A average Shared Hosting customer does not even use 2GB even if they have purchased a plan with 50GB or unlimited. But some also think "oh, its unlimited, i can host my porn site/image hosting site/file hosting site for a cheap price there"  Thats why they limit it in their ToS by saying "Media file storage not allowed".


Its true, theres no such thing as unlimited and its a marketing term but those facts make it possible to offer it.


----------



## AndriusP (Aug 1, 2016)

SSD drives becomes cheaper and cheaper every month. It is very easy to build a 5 - 10TB SSD storage in any RAID level... but there nothing unlimited...


----------



## webhostuk (Aug 1, 2016)

Rightly said ..and the best thing is to avoid unlimited providers .. its always overselling company which ends up real bad.


----------



## VPSServer (Aug 23, 2016)

It is not possible to sell unlimited SSD, have a look at terms and conditions, probably some low fair use policy or something like that.


----------



## VPS6 (Aug 26, 2016)

There really is no unlimited. If a host is marketing their specs as unlimited I would suggest going into their terms of service to see what their definition of unlimited is. Often times you will see its more limited than the ones that do not advertise as unlimited.


----------



## ServerBundle (Aug 30, 2016)

There is no such thing as unlimited. They will clearly state the actual limits allowed in the Terms of Service. Coming back to your query, Yes many hosting companies have started to use SSD's as the prices have dropped quite significantly also higher capacity drivers are now coming to the market.


----------



## ctrlswitches (Jul 27, 2017)

Yes many of the hosts are providing SSD drives enables hosting services for better performance.


----------



## web-project (Aug 8, 2017)

No such thing as unlimited or thing other way: can you do for me unlimited volume cup of coffee?


----------



## Liquidips (Sep 10, 2017)

ideally many hosting providers do provider SSD drives also SAS drives are comparable


----------



## Lampard (Oct 4, 2017)

It is hard to find this out in a web hosting. But anyways nothing is unlimited.


----------



## stefiee (Oct 10, 2017)

Karina122 said:


> I have recently seen an offer where a server host is providing unlimited SSD space, I don't think it is SSD?
> Anyone seen such hosting offers?


there are no such things like unlimited..they mention as unlimited but they restrict after some moment..*SSD* pricing is a good deal more expensive than HDDs.


----------



## HostOjo (Oct 22, 2017)

Yes Some host fool people,But there are some legit hosts in the market which actually provide unlimited SSD , but nothing is unlimited every host has a limit.


----------



## Vovaze (Feb 16, 2018)

Karina122 said:


> I have recently seen an offer where a server host is providing unlimited SSD space, I don't think it is SSD?
> Anyone seen such hosting offers?


 If you ask me then I'll say that definitely server host provide "Solid State Drives".


----------



## mellisa (Feb 19, 2018)

Unlimited SSD disk space is not possible, therefore it's always recommended to avoid such web hosting provider, its nothing but trap for new users, so be careful.


----------



## web-project (Feb 28, 2018)

No such thing as unlimited server resources, just imaging your wallet, is it unlimited?


----------



## Hostfinch (Jul 26, 2018)

SSD is the trend right now in the market, and many hosting companies usually go for SSD.
Better read their constraints before investing as Unlimited also has some limits.


----------



## intovps (Jul 2, 2019)

"Unlimited" is to be taken with a grain of salt.

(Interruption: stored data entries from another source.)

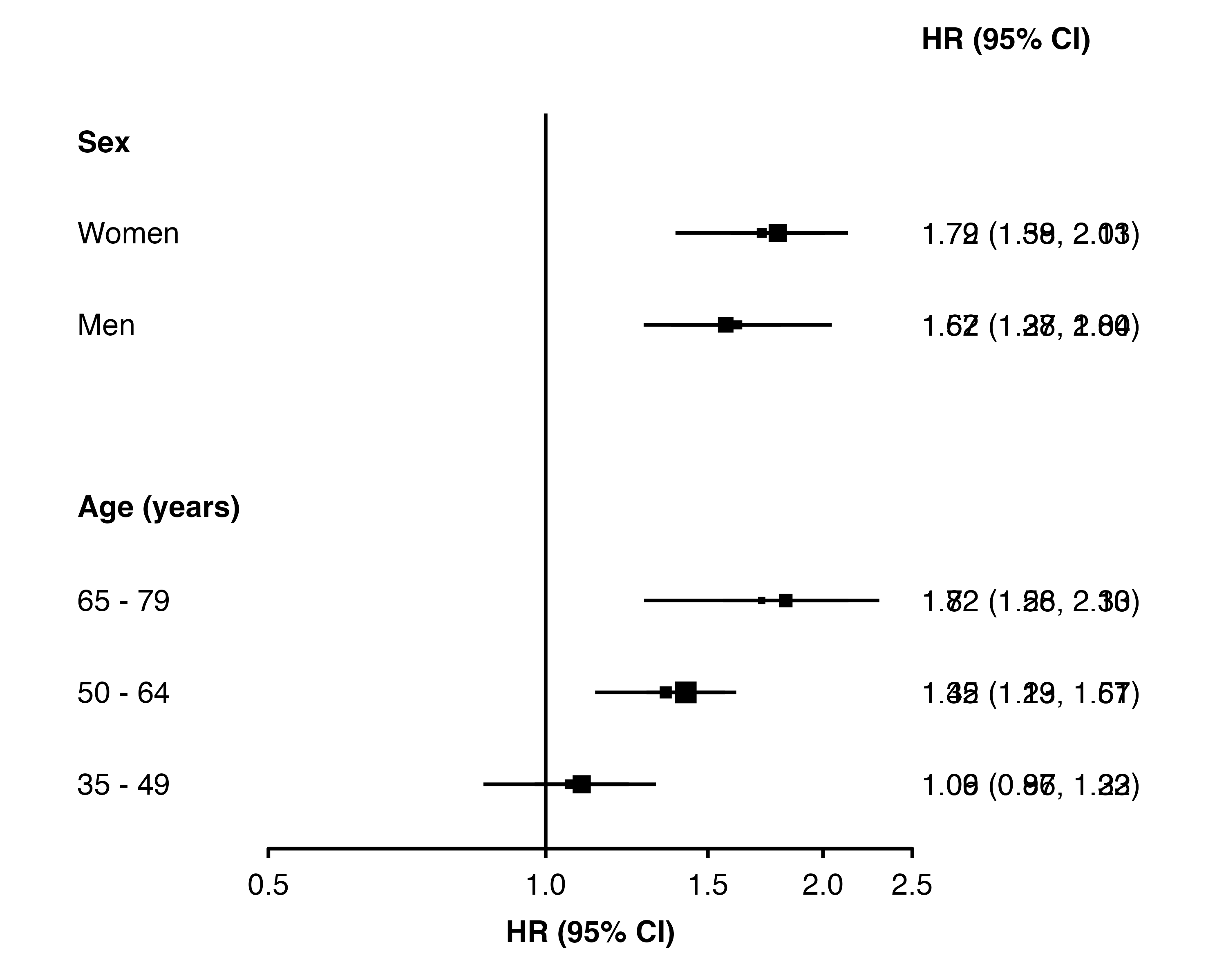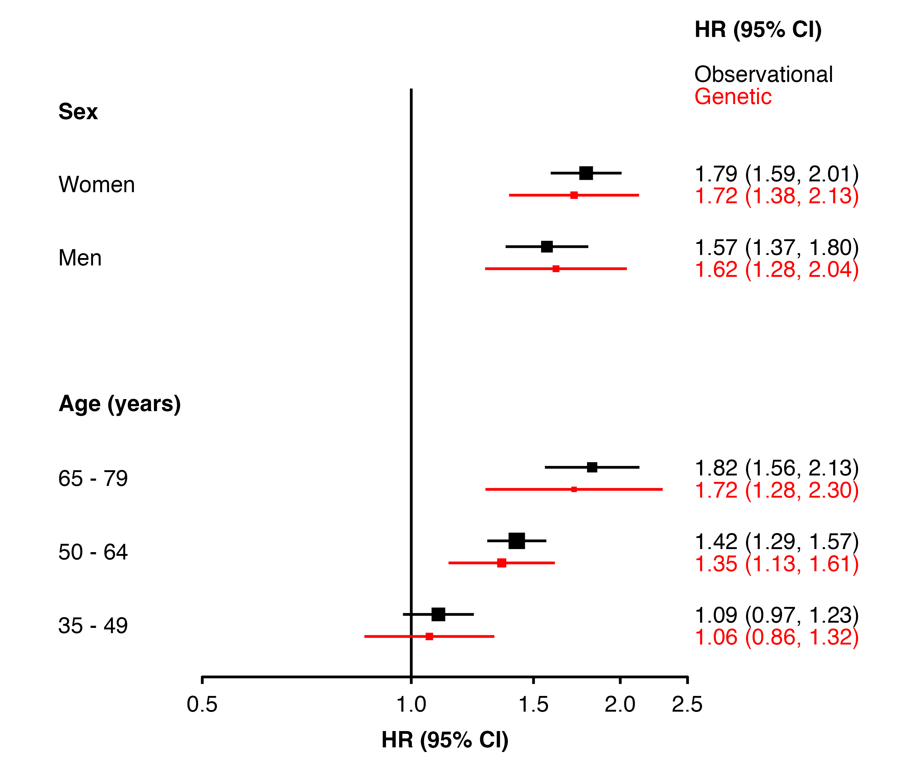 # create 'mycolour' column, according to analysis typemy_resultsAB <- dplyr::mutate(my_resultsAB,mycolour = dplyr::if_else(analysis =="Observational","black","red"))# function to decrease/increase 'row' for Observational/Geneticmove_rows <-function(datatoplot){ datatoplot <- dplyr::mutate(datatoplot,row = dplyr::if_else(analysis =="Observational", row -0.15, row +0.15))## add rows to the data frame to create annotations datatoplot <- dplyr::add_row(datatoplot,auto_estcolumn =c("Observational","Genetic"),row =c(0.5, 0.8),panel ="1",mycolour =c("black", "red"))return(datatoplot)}# add the col.keep, colour, data.function, and addaes argumentsforest_plot(my_resultsAB,col.key ="subgroup",row.labels = row_labels,scalepoints =TRUE,col.keep ="analysis",colour ="mycolour",data.function ="move_rows",addaes =list(col.right ="colour = mycolour"))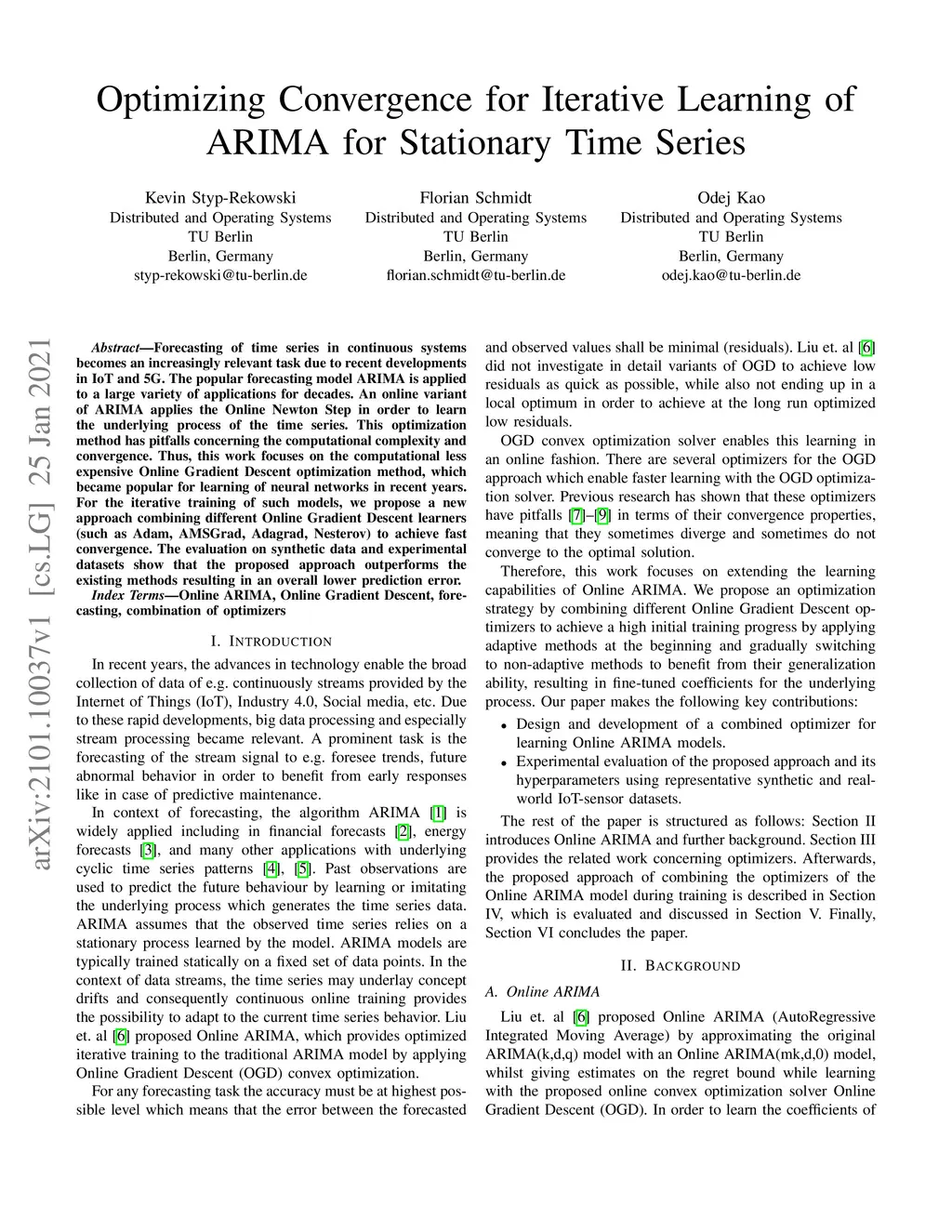Forecasting of time series in continuous systems becomes an increasingly relevant task due to recent developments in IoT and 5G. The popular forecasting model ARIMA is applied to a large variety of applications for decades. An online variant of ARIMA applies the Online Newton Step in order to learn the underlying process of the time series. This optimization method has pitfalls concerning the computational complexity and convergence. Thus, this work focuses on the computational less expensive Online Gradient Descent optimization method, which became popular for learning of neural networks in recent years. For the iterative training of such models, we propose a new approach combining different Online Gradient Descent learners (such as Adam, AMSGrad, Adagrad, Nesterov) to achieve fast convergence. The evaluation on synthetic data and experimental datasets show that the proposed approach outperforms the existing methods resulting in an overall lower prediction error.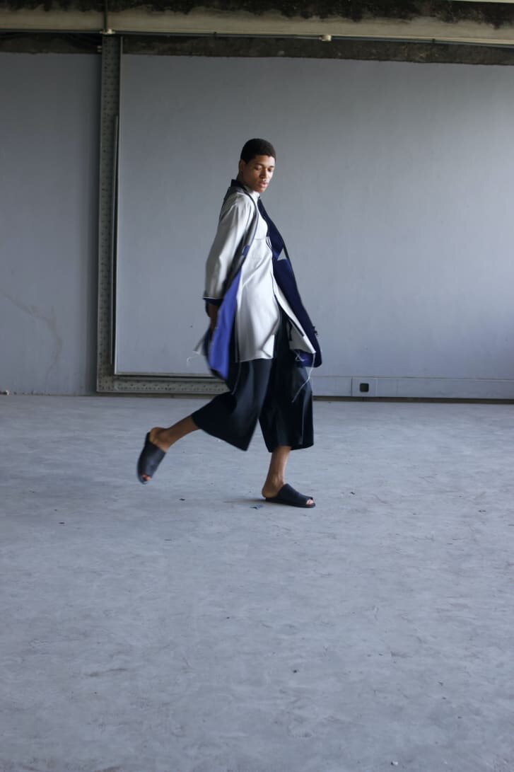 В 2018 году Томпсон самостоятельно и основал свой гендерно-нейтральный лейбл Lagos Space Program, черпая вдохновение из таких разнообразных источников, как афрофутуризм и японский дизайнер Йоджи Ямамото. Но на его творчество в первую очередь повлияли повествовательные традиции его корней йоруба. Струящиеся брюки и жилетки выполнены из асо-окэ и принтованного адира. Одобренный Мишель Обамой дизайнер Дуро Олову стремится к «культуре стиля» «Исторически сложилось так, что когда люди носили одежду, это действительно было похоже на повествование», - сказал Томпсон. Мотивы могут передавать информацию о том, где человек родился или о том, что он скорбит. Для Томпсона решение оставить вещи на местах «было очень практичным» с точки зрения контроля логистики, но также и способом обеспечить качество его коллекций.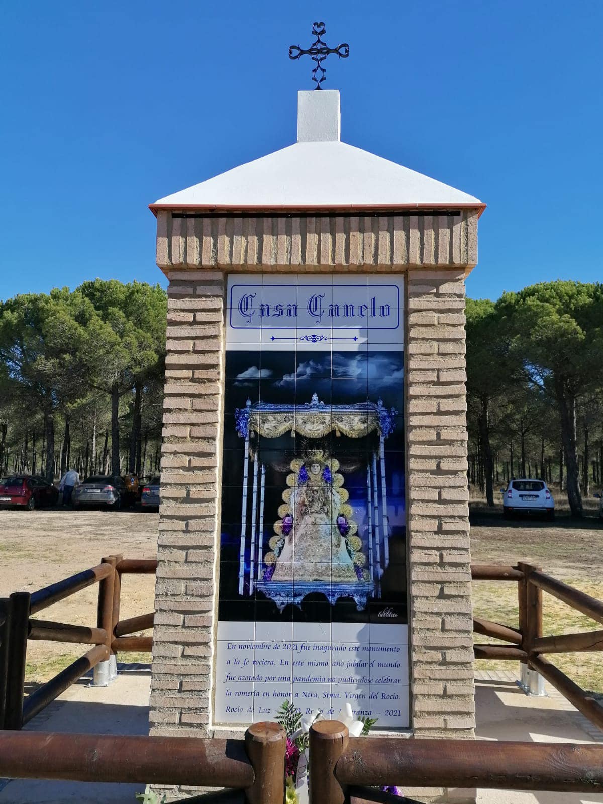 El monumento consiste en un monolito con la imagen de la Virgen en una cara; el nombre de las hermandades con sus medallas en la posterior y en los laterales, textos de la fe rociera. Su ubicación será la explanada conocida como Casa del Canelo, sitio muy venerado por los rocieros de las hermandades que en el camino de vuelta coincidimos para el rezo del Ángelus, oraciones, abrazos, recogimiento y al final… mucha alegría.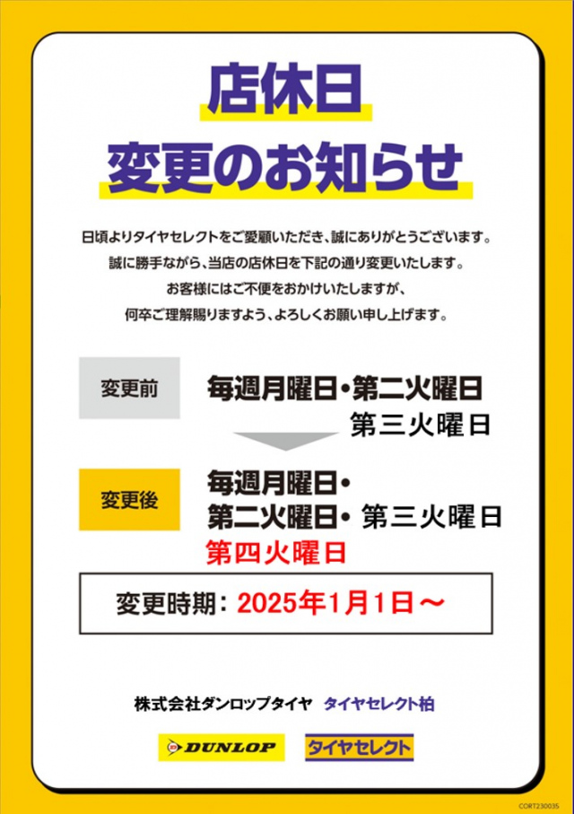いつもホームページをご利用いただきありがとうございます。 来年より店休日が変更となります。 今まで 毎週月曜日・第二火曜日・第三火曜日 でしたが 来年より 毎週月曜日・第二火曜日・第三火曜日・第四火曜日 とな...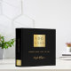 A black background. Personalize and add your business logo, text (or delete) and your name/signature. Golden text.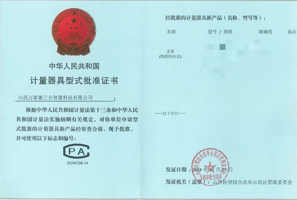 近日,裝備集團所屬萬家寨三合智慧科技公司成功獲得中華人民共和國計量器具型式批準(zhǔn)證書。這一權(quán)威認(rèn)證,標(biāo)志著萬家寨三合智慧科技公司在智慧水務(wù)及智能水表制造領(lǐng)域已達(dá)到國家標(biāo)準(zhǔn)要求,有利于提升公司產(chǎn)品的市場競爭力。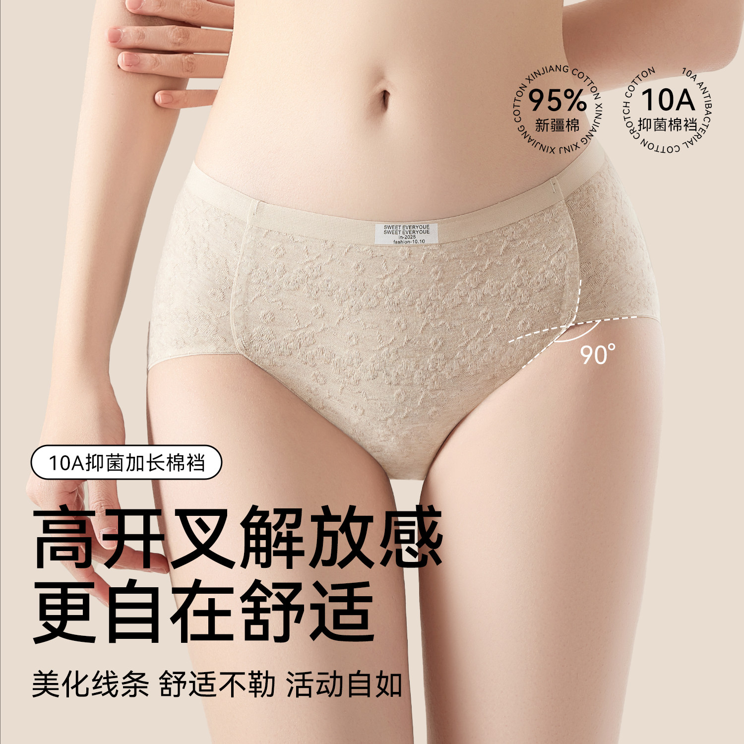 都市丽人内裤女纯棉抗菌全棉加长裆2026新款中腰高开叉女生三角裤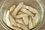 ごぼうは皮をこそげ落としてひと口大の乱切りにし、水に5分ほどさらす。

But SSD or not expensive anymore, even NVMe became affordable.

I remember when a physical SSD costed 1$ / GB or or even $3 / GB. Not the case any more.


----------



## SpinServers-John (Jan 10, 2020)

Karina122 said:


> I have recently seen an offer where a server host is providing unlimited SSD space, I don't think it is SSD?
> Anyone seen such hosting offers?



As others have mentioned, there's often times a catch or fine print with hosting plans that offer unlimited storage. If you're considering a hosting plan with unlimited storage (and truly need lots of storage), you should check their Terms Of Service and Fair Usage Policy for certain restrictions, such as limits regarding I/O usage, IOPS, processes, CPU usage, etc.


----------



## qtechservers (Jan 20, 2020)

The hosting companies offering unlimited disk will usually have a lot of conditions attached to it. In most cases, their condition is that the space can be used only for the website. For example, you cannot use the space as a sort of offsite backup space for your home or office computer.


----------



## hostneverdie (Jun 14, 2020)

Some web hosting providers use SSD, but no hosting companies actually provide unlimited hosting. It should be called unmetered.


----------